Evaluation of Prosthetic Valves
Jose A. Madrazo
High-Yield Concepts
Whenever possible, know the type, size, and age of the prosthesis being evaluated.
Serial echocardiographic evaluation of prosthetic valves should be referenced to a baseline study performed early after implantation.
High gradients across a valve may be due to:
Valve dysfunction/obstruction
Increased flow:
Regurgitation
High output states
Patient-prosthesis mismatch
The ultrasound beam cannot penetrate the dense material of prosthetic valves. Multiple views are required to allow the beam to interrogate chambers without interference from prosthesis-related artifact. In patients with multiple prosthetic valves, TEE is often necessary if clinical suspicion of prosthetic valve dysfunction is high.
Key Points
The following should raise concern for severe prosthesis malfunction:
Aortic valves:
Stenosis
Peak velocity >4 m/s
Mean gradient >35 mmHg
LVOT/AoV velocity or VTI ratio <0.25
Aortic acceleration time >100 ms (rounded velocity contour)
Regurgitation
Regurgitant jet width ≥65% of LVOT (at Nyquist limit = 50 to 60 cm/s)

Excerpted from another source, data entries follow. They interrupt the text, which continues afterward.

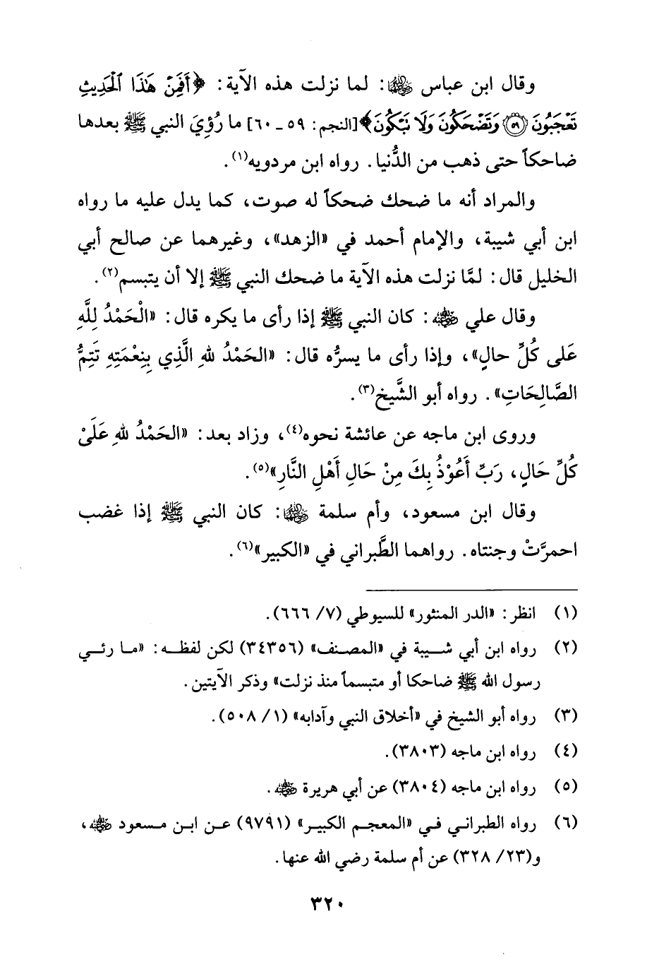 وقال ابن عباس - رضي الله عنهما -: لما نزلت هذه الآية: {أَفَمِنْ هَذَا الْحَدِيثِ تَعْجَبُونَ (59) وَتَضْحَكُونَ وَلَا تَبْكُونَ} [النجم: 59 - 60] ما رُؤِيَ النبي - صلى الله عليه وسلم - بعدها ضاحكاً حتى ذهب من الدُّنيا. رواه ابن مردويه (¬1).
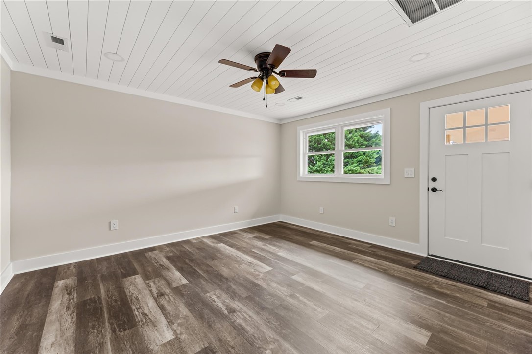 Welcome to 101 Fairview Drive in Greenville — a beautifully renovated gem perfectly positioned near the scenic trails of Paris Mountain and just 10 minutes from the vibrant heart of Downtown Greenville. Completely renovated from top to bottom, this stunning home blends modern style with timeless charm. Exceptional curb appeal sets the tone with fresh creamy white exterior paint, a massive vaulted covered front porch, stylish exterior lighting, charming gravel walkways, double gravel driveways, and dreamy light blue entry doors that make a memorable first impression. Step inside to discover 4 spacious bedrooms and 3 full bathrooms, all thoughtfully designed with durable luxury vinyl plank flooring, ceramic tile in the bathrooms, stylish shiplap ceilings, fresh interior paint, and an open, inviting floor plan ideal for both everyday living and entertaining. The brand-new chef’s kitchen on the main level is a true showstopper, featuring quartz countertops, custom cabinetry, a designer tile backsplash, stainless steel appliances, a large center island, and a dedicated pantry. The kitchen flows seamlessly into the dining area and main living room, creating the perfect gathering space. Also on the main level, you’ll find a bright laundry room, two generously sized bedrooms with a shared full bath, and a private primary suite. The primary bedroom offers its own ensuite bathroom, walk-in closet, and direct access to the covered front porch — a peaceful spot to enjoy your morning coffee or evening unwind. Additional highlights include: Double sliding doors from the kitchen to the rear driveway for easy grocery unloading Tankless water heater Custom bathroom vanities with built-in organizers, electrical outlets, and charging ports Designer lighting and ceiling fans throughout The thoughtfully finished lower level adds incredible versatility, functioning almost as a second home. It features a second living room, second laundry room, large bedroom with walk-in closet, full bathroom, and a kitchenette. With its own separate entrance, this level is ideal for extended family, guest quarters, or short- or long-term rental income. Both levels can operate independently, offering exceptional flexibility and multiple investment opportunities. Whether you're seeking a serene retreat near nature, a stylish home close to downtown, or an income-producing property with endless possibilities, 101 Fairview Drive delivers. Don’t miss this rare opportunity to own a fully renovated home in one of Greenville’s most desirable locations.
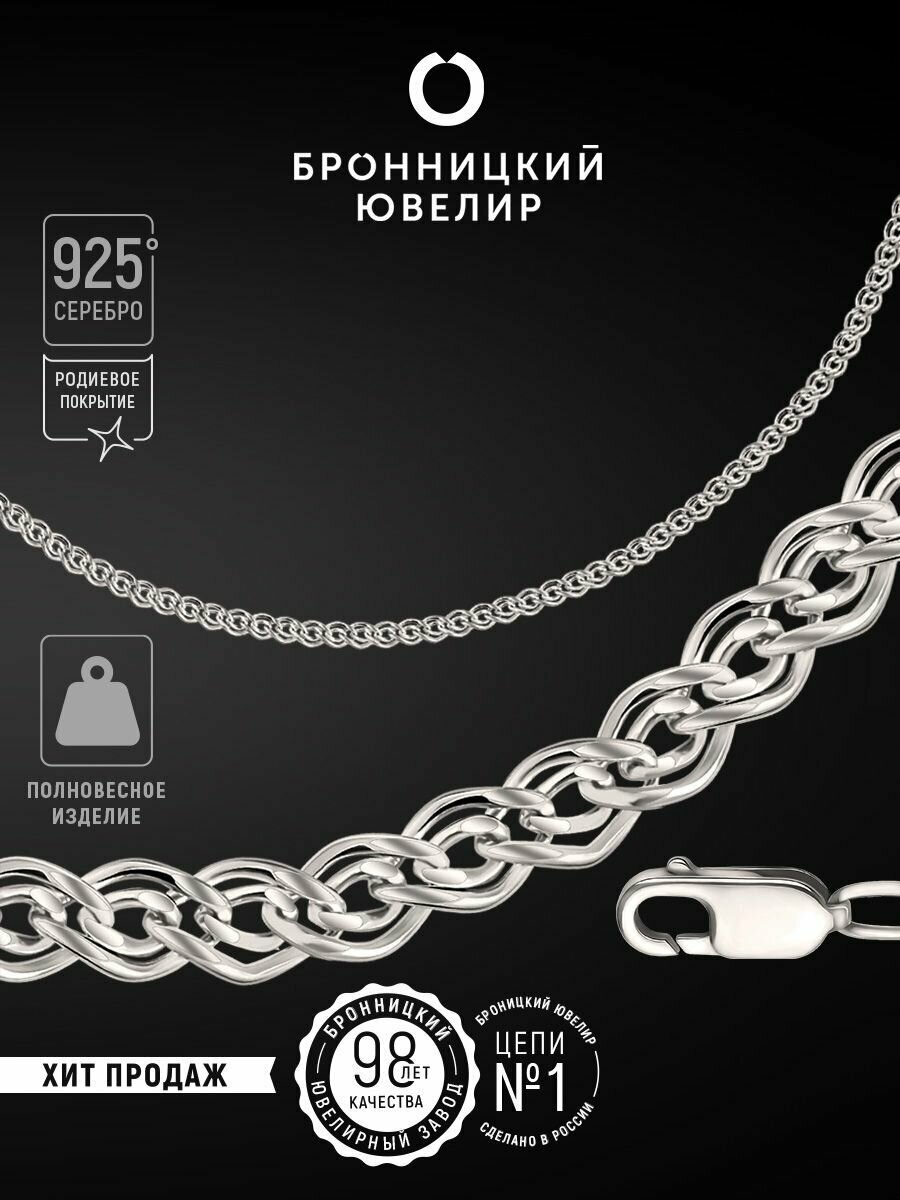 Купить Цепь Бронницкий Ювелир, серебро, 925 проба, родирование, длина 60 см, средний вес 6.26 г, , серебристый

Dense regurgitant jet with PHT <200 ms
Regurgitant volume >60 mL/beat; regurgitant fraction >50%
LVOT TVI ≫ RVOT TVI
Prominent holodiastolic flow reversal in the descending aorta
Mitral valves:
Stenosis
Peak velocity ≥2.5 m/s
Mean gradient >10 mmHg
MV inflow PHT >200 ms
Regurgitation
Dense early, peaking jet (triangular)
EROA ≥0.5 cm2
Regurgitant jet of ≥8 cm2 area
Vena contracta ≥0.6 cm
Regurgitant volume ≥60 mL/beat; regurgitant fraction >50%
Pulmonary vein systolic flow reversal in one or more veins
MV/LVOT TVI ratio >2.5
The echocardiographic evaluation of prosthetic valves is a challenging task as there are many different types of prostheses and they frequently impart imaging artifacts and shadowing (Fig. 13-1).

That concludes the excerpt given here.